__TRY IT__: Output all of the lines below exactly, and leave out each image.

__PROVIDED MATERIAL__:
--------

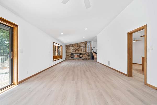 This beautifully maintained 3-bedroom, 3.5-bath, 2,926 sqft lakefront home was solidly built by a contractor for his personal residence--quality and thoughtful craftsmanship is evident throughout. Set on just under 2 wooded, peaceful acres overlooking the lake, this home offers the perfect blend of comfort, privacy, and outdoor living. Recent updates include granite countertops, refinished cabinets, updated flooring, fresh interior and exterior paint, new hardware and fixtures, and upgraded electrical and plumbing systems. Enjoy two spacious living areas (or game/movie room), a giant two-level deck for entertaining, and a freshly painted boathouse, grandfathered in, with a new boardwalk. The home and boathouse both have 50 year roofs, under 2 years old. Bonus: An additional 800 sq ft of basement space (not included in the listed square footage) provides ample room for storage, a workshop, or future expansion. You don't find land like this on the lake very often! The large level lot is perfect for privacy or has the potential for additional builds. This move-in ready home is the perfect combination of craftsmanship, modern updates, and a serene setting with beautiful lake views.
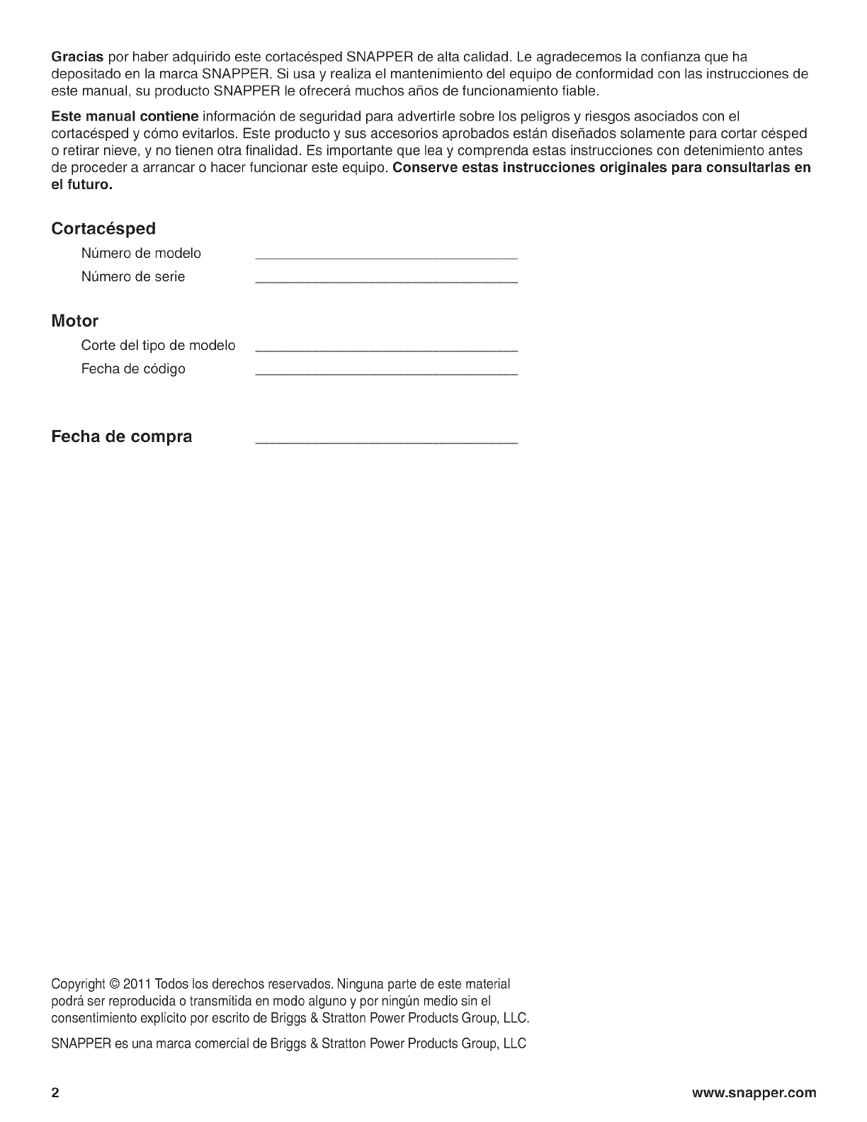 SNAPPERbrand.Whenoperatedandmaintainedaccordingtotheinstructionsinthismanual,yourSNAPPERproductwill
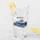 El diseño artístico de cristal de cerveza para los amantes de los coches presenta Chevrolet vintage de 4 puertas de color blanco y azul de los años 50. Personalización con nombre o monograma
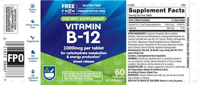 | Vitamin B12 | vitamin | 1000 | mcg | 41667 | Adults and children 4 or more years of age | 1 Tablet(s) |

--------

__ANSWER TO THE PROBLEM__:
 This beautifully maintained 3-bedroom, 3.5-bath, 2,926 sqft lakefront home was solidly built by a contractor for his personal residence--quality and thoughtful craftsmanship is evident throughout. Set on just under 2 wooded, peaceful acres overlooking the lake, this home offers the perfect blend of comfort, privacy, and outdoor living. Recent updates include granite countertops, refinished cabinets, updated flooring, fresh interior and exterior paint, new hardware and fixtures, and upgraded electrical and plumbing systems. Enjoy two spacious living areas (or game/movie room), a giant two-level deck for entertaining, and a freshly painted boathouse, grandfathered in, with a new boardwalk. The home and boathouse both have 50 year roofs, under 2 years old. Bonus: An additional 800 sq ft of basement space (not included in the listed square footage) provides ample room for storage, a workshop, or future expansion. You don't find land like this on the lake very often! The large level lot is perfect for privacy or has the potential for additional builds. This move-in ready home is the perfect combination of craftsmanship, modern updates, and a serene setting with beautiful lake views.
 SNAPPERbrand.Whenoperatedandmaintainedaccordingtotheinstructionsinthismanual,yourSNAPPERproductwill
 El diseño artístico de cristal de cerveza para los amantes de los coches presenta Chevrolet vintage de 4 puertas de color blanco y azul de los años 50. Personalización con nombre o monograma
 | Vitamin B12 | vitamin | 1000 | mcg | 41667 | Adults and children 4 or more years of age | 1 Tablet(s) |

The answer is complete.